START Data records

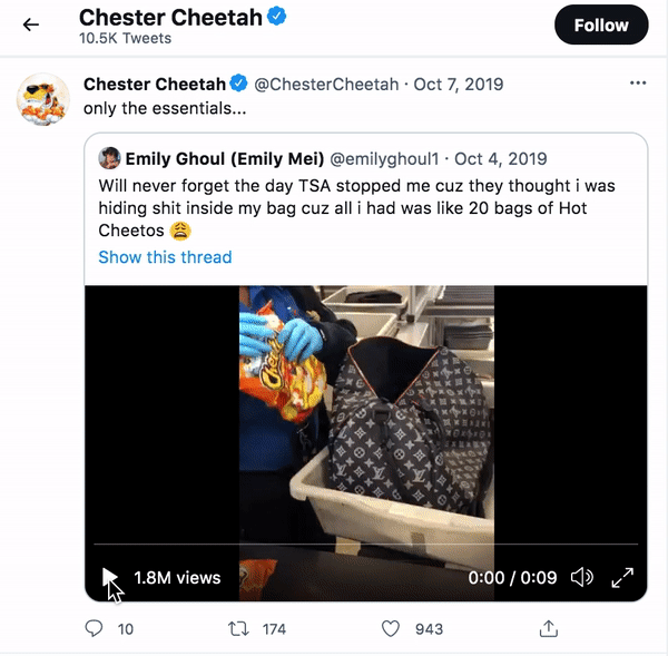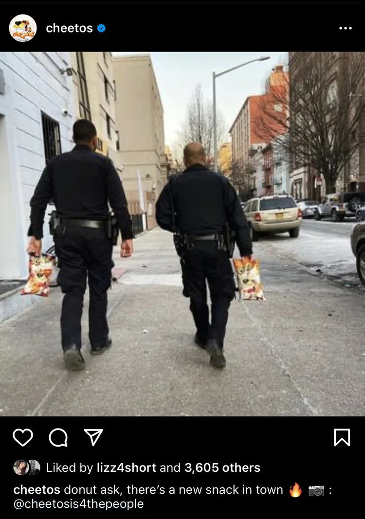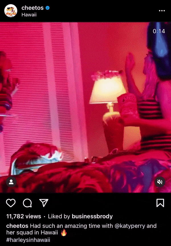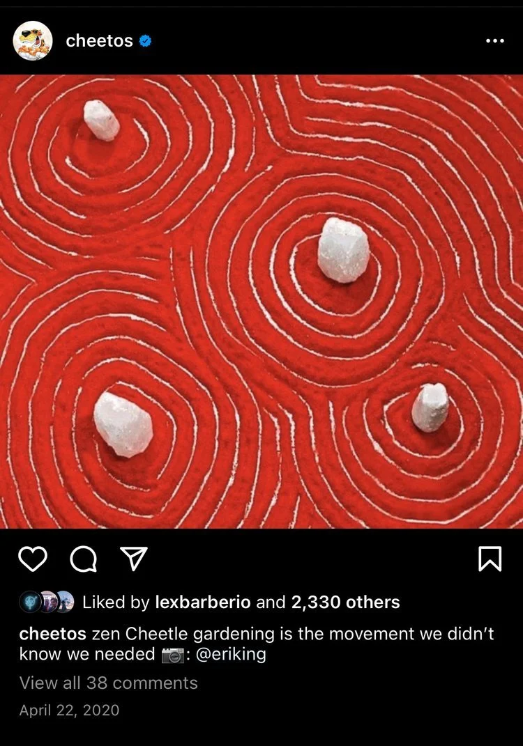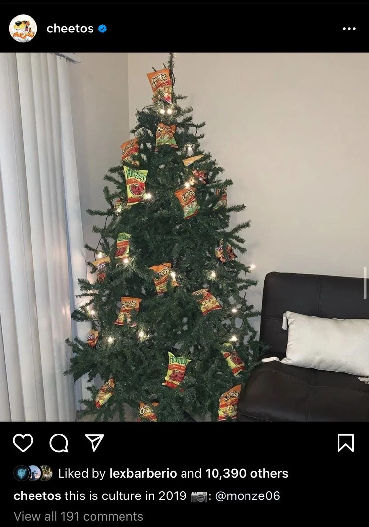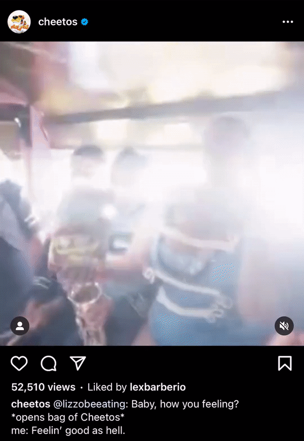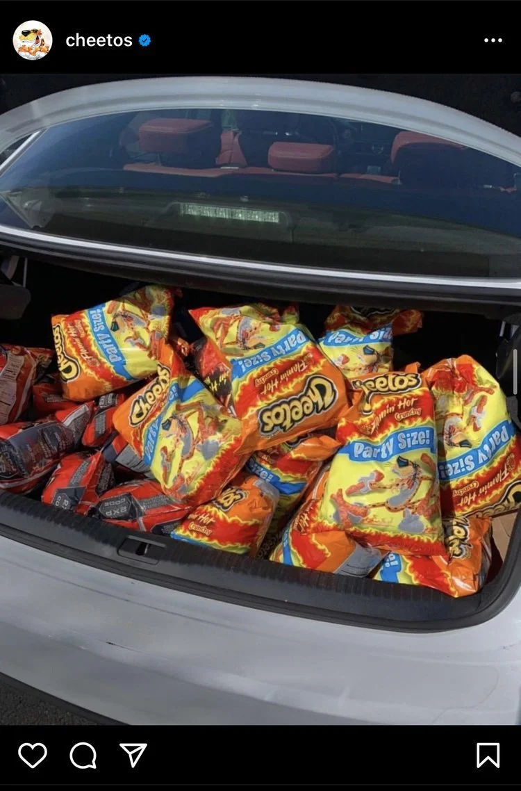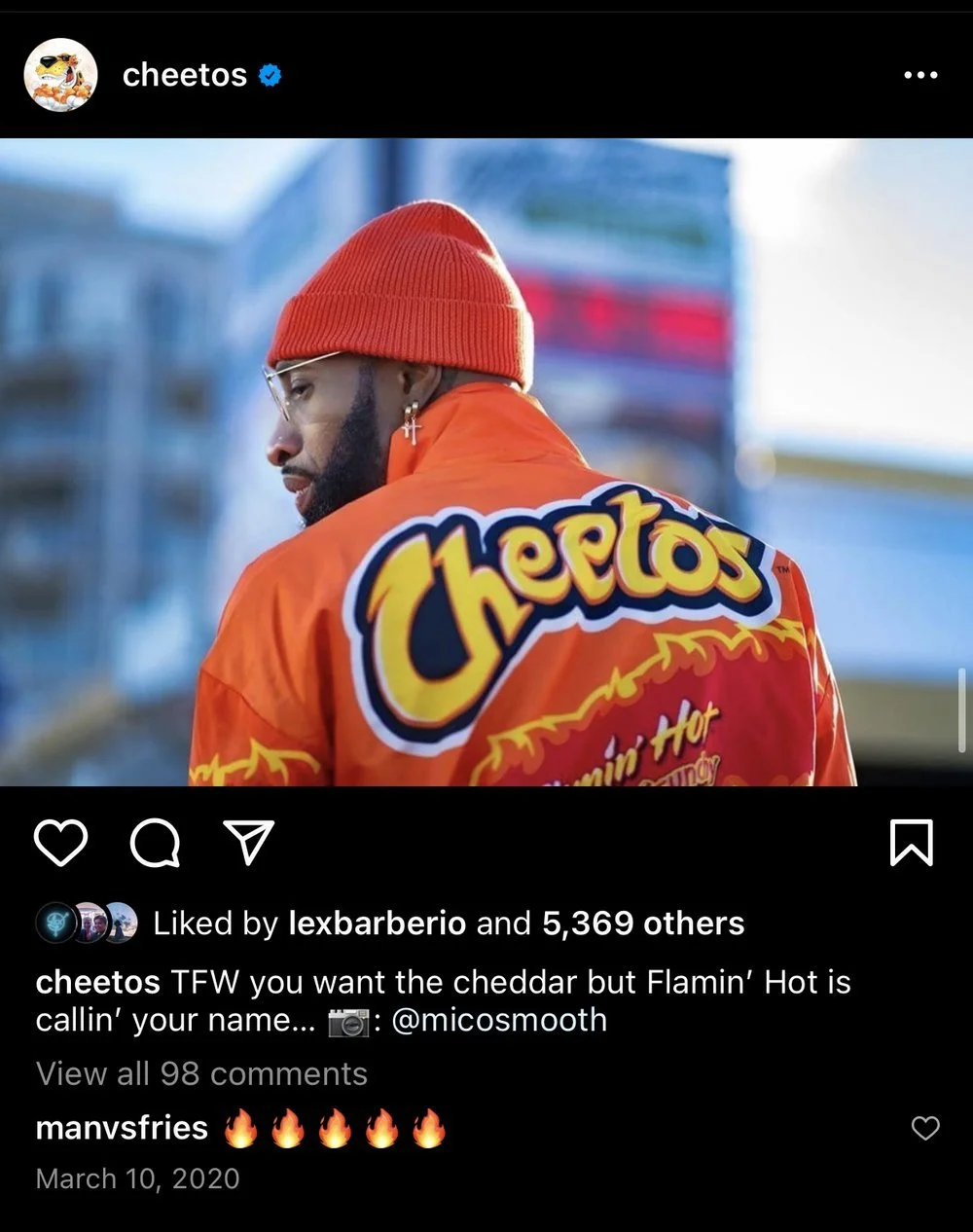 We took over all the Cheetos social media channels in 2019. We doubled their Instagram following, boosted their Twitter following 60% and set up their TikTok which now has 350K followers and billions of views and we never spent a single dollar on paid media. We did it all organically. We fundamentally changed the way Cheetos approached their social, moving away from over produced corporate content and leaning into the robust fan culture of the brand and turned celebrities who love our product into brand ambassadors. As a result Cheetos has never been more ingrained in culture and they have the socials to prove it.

END Data records
START Data records

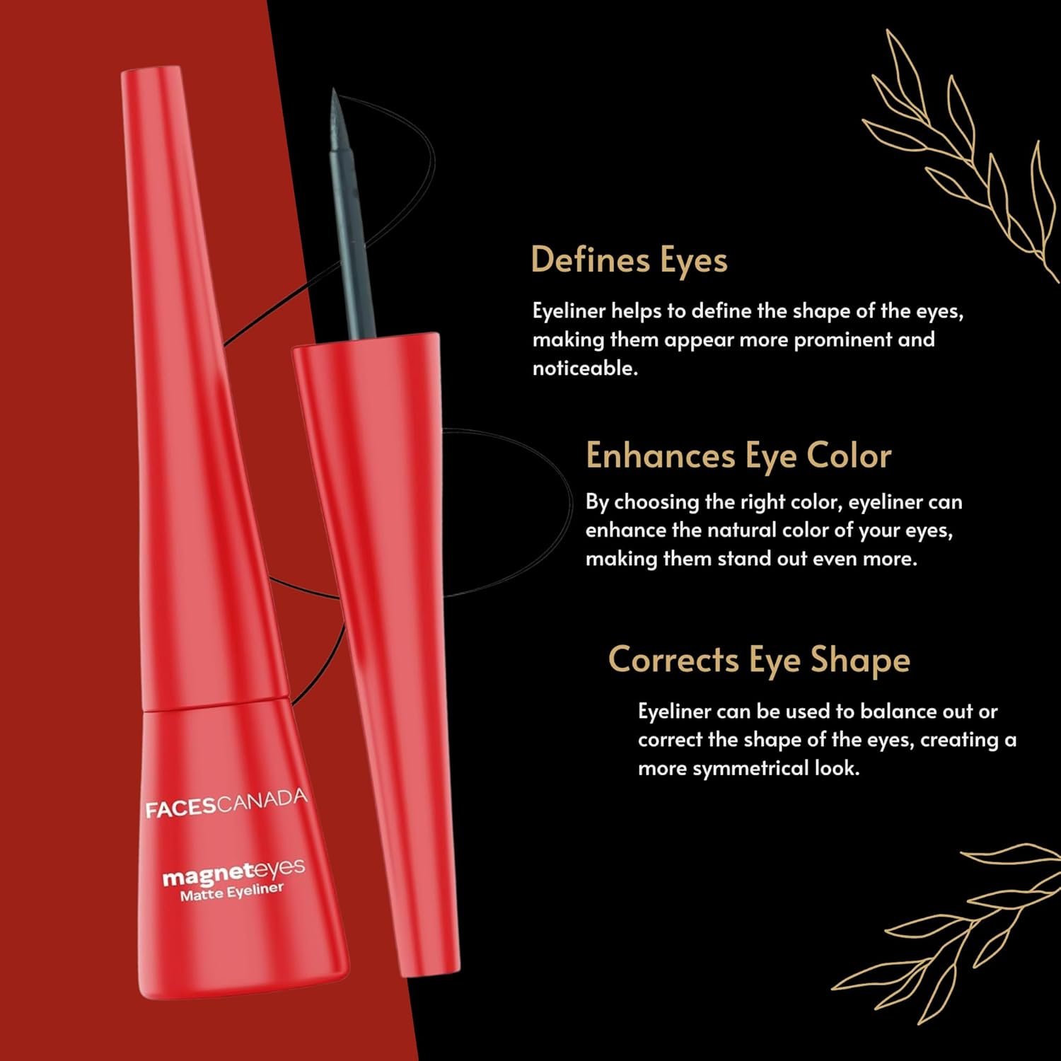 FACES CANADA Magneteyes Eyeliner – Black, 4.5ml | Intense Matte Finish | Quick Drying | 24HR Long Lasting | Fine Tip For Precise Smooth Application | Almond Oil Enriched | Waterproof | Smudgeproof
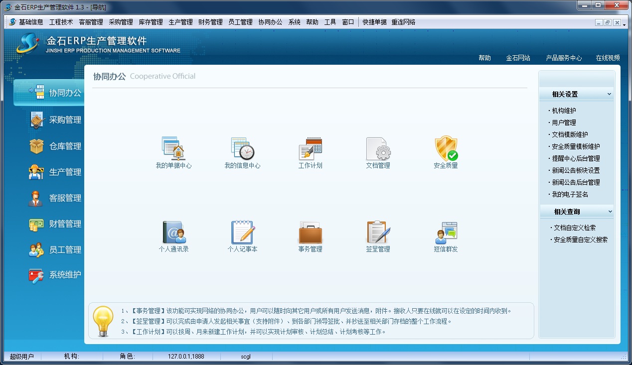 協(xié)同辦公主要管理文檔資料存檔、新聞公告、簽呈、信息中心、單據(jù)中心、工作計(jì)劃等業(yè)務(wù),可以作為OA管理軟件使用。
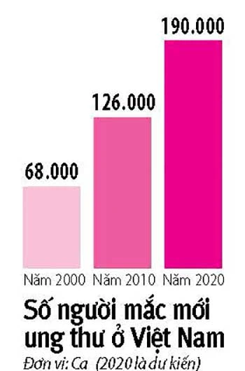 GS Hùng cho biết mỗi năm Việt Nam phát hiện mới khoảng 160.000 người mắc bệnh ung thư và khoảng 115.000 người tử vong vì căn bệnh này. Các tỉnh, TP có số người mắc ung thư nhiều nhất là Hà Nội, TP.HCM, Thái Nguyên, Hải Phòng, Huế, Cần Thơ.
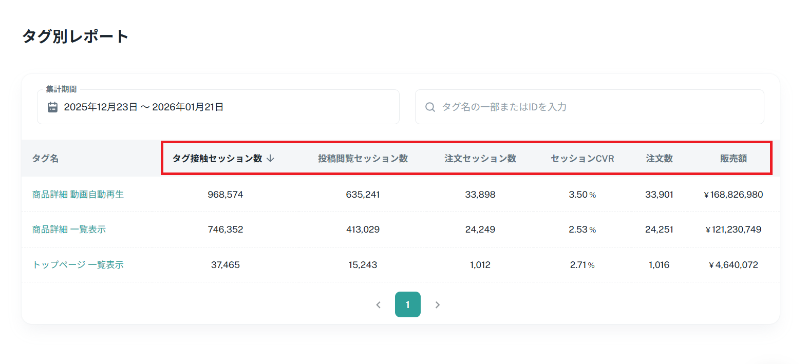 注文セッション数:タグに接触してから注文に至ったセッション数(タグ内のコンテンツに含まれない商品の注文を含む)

END Data records

- _What the exercise asks_:
Starting from the line with "FACES CANADA Magneteyes" in the records above, repeat each line exactly until you have written the line with "注文セッション数:タグに接触", then stop; drop the pictures.

- _Output for this task_:
 FACES CANADA Magneteyes Eyeliner – Black, 4.5ml | Intense Matte Finish | Quick Drying | 24HR Long Lasting | Fine Tip For Precise Smooth Application | Almond Oil Enriched | Waterproof | Smudgeproof
 協(xié)同辦公主要管理文檔資料存檔、新聞公告、簽呈、信息中心、單據(jù)中心、工作計(jì)劃等業(yè)務(wù),可以作為OA管理軟件使用。
 GS Hùng cho biết mỗi năm Việt Nam phát hiện mới khoảng 160.000 người mắc bệnh ung thư và khoảng 115.000 người tử vong vì căn bệnh này. Các tỉnh, TP có số người mắc ung thư nhiều nhất là Hà Nội, TP.HCM, Thái Nguyên, Hải Phòng, Huế, Cần Thơ.
 注文セッション数:タグに接触してから注文に至ったセッション数(タグ内のコンテンツに含まれない商品の注文を含む)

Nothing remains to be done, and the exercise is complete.